Have you guys seen the thread on
http://www.tyresmoke.net/ubbthreads/pos ... 3&Board=a3.
Near the end of the thread (after all the fighting) there's a pic of a German car mag showing the New S3 (artists impression).


----------



## Karcsi

Hmm, seems like just speculation to me again. I hope for current S3 owners sake, it is not going to look like that! Apart from the new corporate grill, it's virtually identical to a standard A3.

http://pictureposter.audiworld.com/26588/a3sportback.jpg

New artist's impression of 5-dr as well in Auto, Motor und Sport.

I now go by the premise "No news from ScoTTy means no news".


----------



## scoTTy

My news is from Audi UK. I bring UK news to the forum as early as poss but that's not to say the news won't come out in other countries first.

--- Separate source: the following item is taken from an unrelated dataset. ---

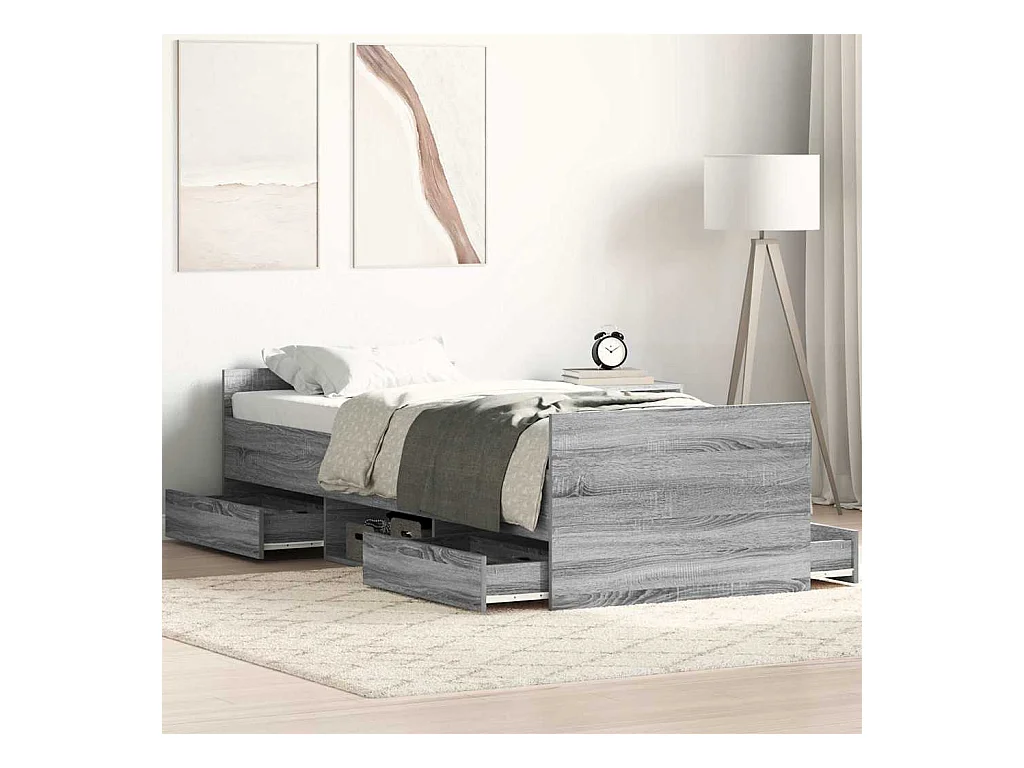 Estructura de cama con cajones sin colchón Sonoma gris 90x200 cm

e.g. the manual 3.2 TT was announced by Germany whilst I had to wait to release the UK news. I'm as interested as everyone else when pictures come out, it's just I treat everything with a little sceptism until it's from a genuine source.

Thanks though Karcsi


----------



## ronin

Autocar has been saying one is on the horizon since december, they have given a date of 2005


----------



## scoTTy

It's extremely easy to guess and this is what most of the mags are full of. Then when a car actually come out they pick the most appropriate answer and say "we told you before anyone else",

Sceptical? Moi? :


----------



## sitas4

talking about 2006 now before this comes out - is this true?


----------